◆ **PROBLEM REQUIREMENTS**:
Pictures are to be left out, and only the lines from the one containing "2015年3月28日,第五届" through the last line of the data are to be returned exactly.

:: SOURCE RECORDS ::

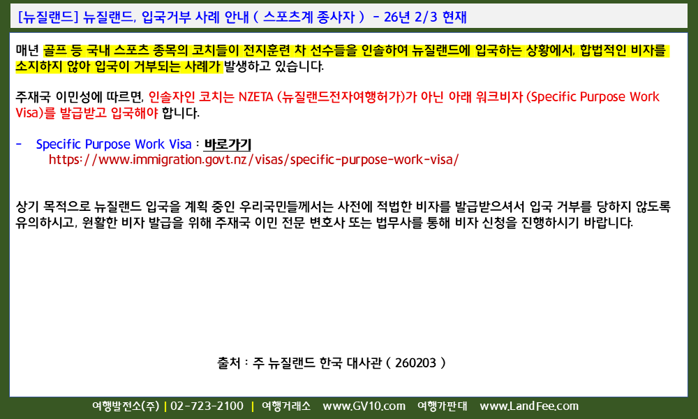 [뉴질랜드] 뉴질랜드, 입국거부 사례 안내 ( 스포츠계 종사자 ) - 26년 2/3 현재
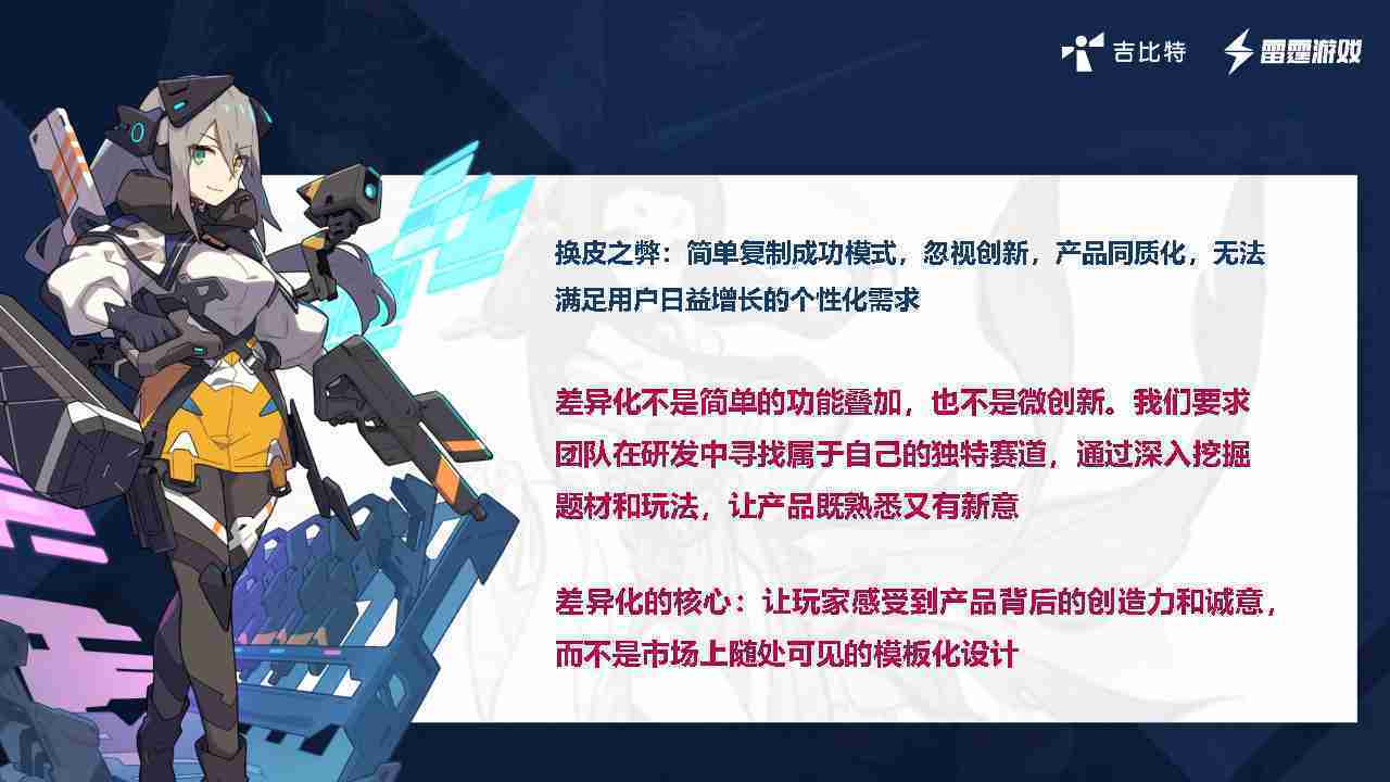 在我们内部是这么定义差异化的。。首先,,,,差异化不是简单的功能叠加,,更不是换皮。。。。只是换皮,,,产品无法提供有效的市场价值。。。。内部经常说差异化的产品不是为了迎合市场,,而是找到一个自己独特的表达方式,,,在研发中找到属于自己的细分赛道和独特赛道,,,,前提是需要对这个题材有足够的深入、、、、挖掘,,对玩法有足够深入的理解,,,让产品看起来既熟悉又有新意。。。。
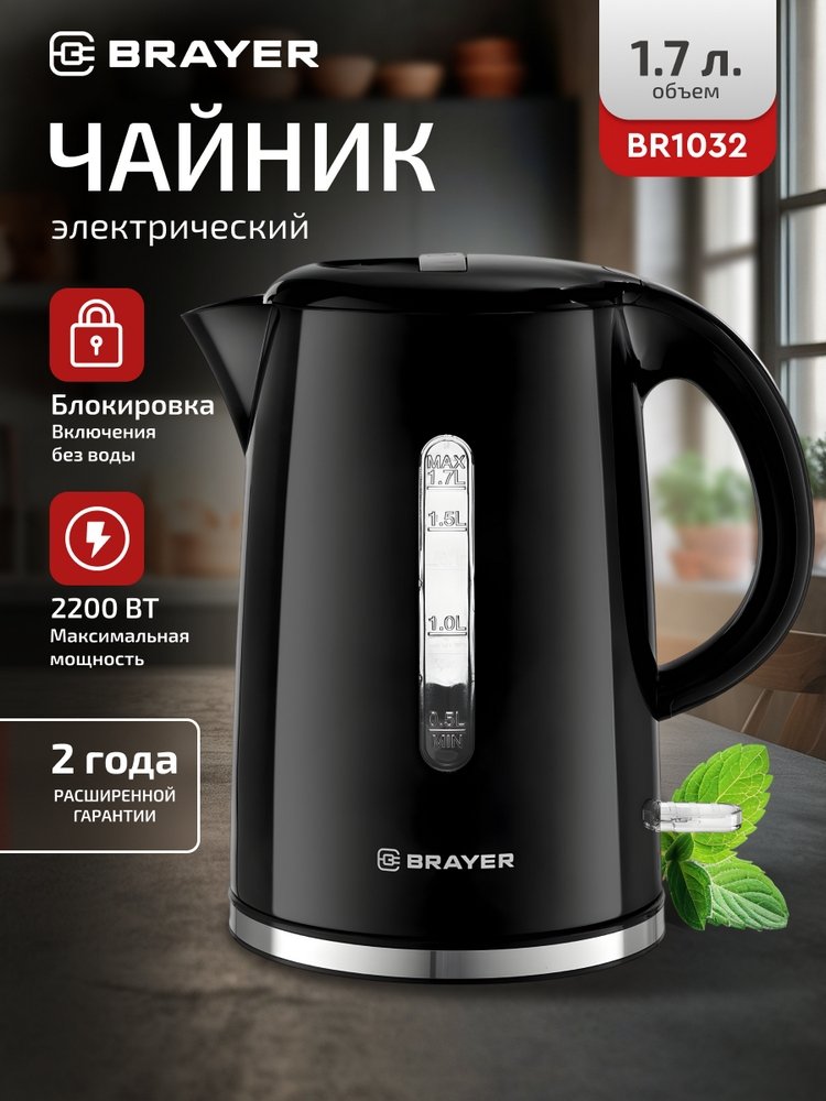 - Чайник электрический Brayer 1032BR 2200Вт 1,7л пластик, черный
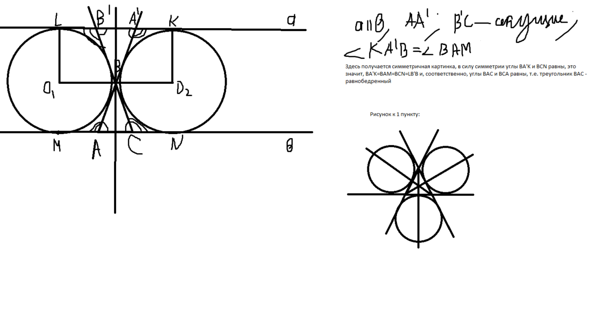 С пунктом 1 чуть потруднее. В рисунке есть обозначения, которые помогут разобраться. В чём суть: есть прямая, которой касаются две окружности равных радиусов (с одной стороны). Значит, существует прямая, параллельная данной, которой так же с одной стороны будут касаться обе заданные окружности (она, кстати, находится на расстоянии 2R от первой прямой). Используя секущие при параллельных прямых, рассматриваем равные углы и смежные с ними, в итоге приходим к тому, что 2 угла у треугольника ABC равны, и, следовательно, он равнобедренный.
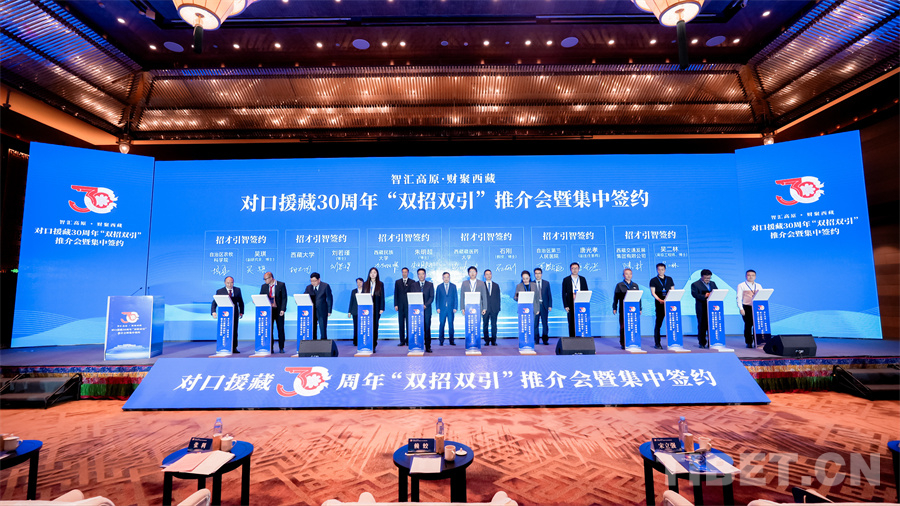 本次推介會暨集中簽約援藏招商引資項目18個、協(xié)議投資104.07億元,涉及清潔能源、特色農(nóng)牧、綠色工業(yè)、現(xiàn)代服務(wù)等各個領(lǐng)域;簽約調(diào)入、柔性引進高層次人才代表12名,涵蓋教育、高原生態(tài)、醫(yī)藥、農(nóng)牧等各個方面,將為西藏經(jīng)濟社會高質(zhì)量發(fā)展注入新的活力。
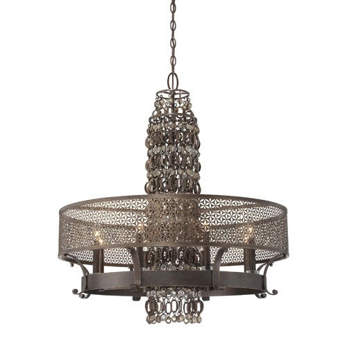 Ajourer French Bronze with Jeweled Accents Eight-Light Chandelier
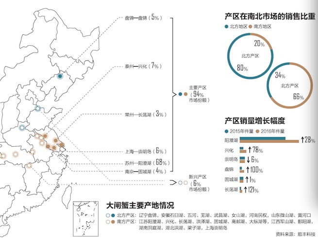 “过去大家对大闸蟹的认识更多停留在阳澄湖这一产区,一方面是渠道局限,阳澄湖大闸蟹除了有很多专营店,在超市卖场这些地方也是总被追捧。其他产区的大闸蟹在知名度上逊色得多了之后,身价自然不及阳澄湖大闸蟹。不过阳澄湖大闸蟹‘十买九假’是业内熟知的。电商竞赛蔓延到大闸蟹后,对我们这样非阳澄湖产区的蟹农来说肯定是利好的。培养了消费者的同时,对物流成本的控制也更有利。今年环保、印刷等成本都在上升的情况下,一票大闸蟹的价格还能维持在40~50元。”位于太湖产区的蟹企负责人崔伟向第一财经记者透露。
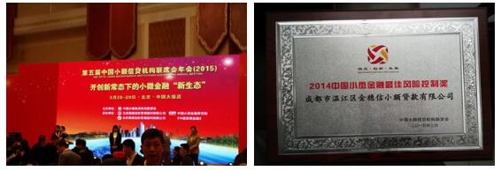 2015年3月28日,第五届中国小额信贷机构联席会年会在北京召开。温江区金穗信小额贷款有限公司获颁“2014中国小微金融最佳风险控制奖”奖牌。
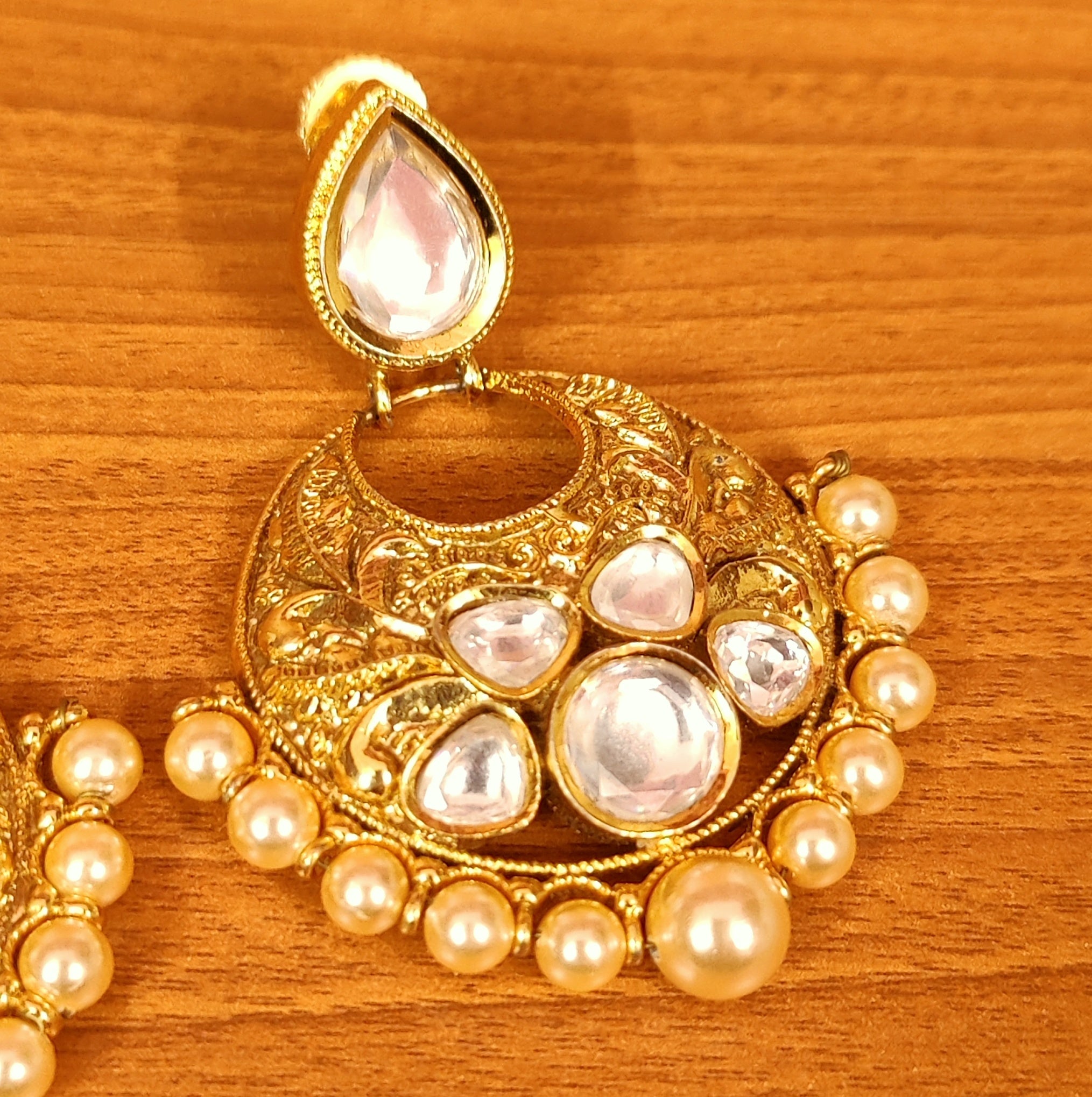 UNCUT KUNDAN POLKI PEARL CHANDBALI EARRINGS
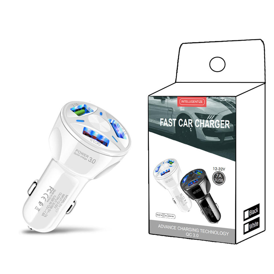 ที่ชาร์จในรถ USB 18W 3พอร์ตอเนกประสงค์ QC3.0 7A 3 USB 5V/3A PD สำหรับ iPhone สำหรับ Samsung Xiaomi สำหรับมือถือหัวเว่ย

:::

◆ **OUTPUT FOR THIS TASK**:
 2015年3月28日,第五届中国小额信贷机构联席会年会在北京召开。温江区金穗信小额贷款有限公司获颁“2014中国小微金融最佳风险控制奖”奖牌。
 UNCUT KUNDAN POLKI PEARL CHANDBALI EARRINGS
 ที่ชาร์จในรถ USB 18W 3พอร์ตอเนกประสงค์ QC3.0 7A 3 USB 5V/3A PD สำหรับ iPhone สำหรับ Samsung Xiaomi สำหรับมือถือหัวเว่ย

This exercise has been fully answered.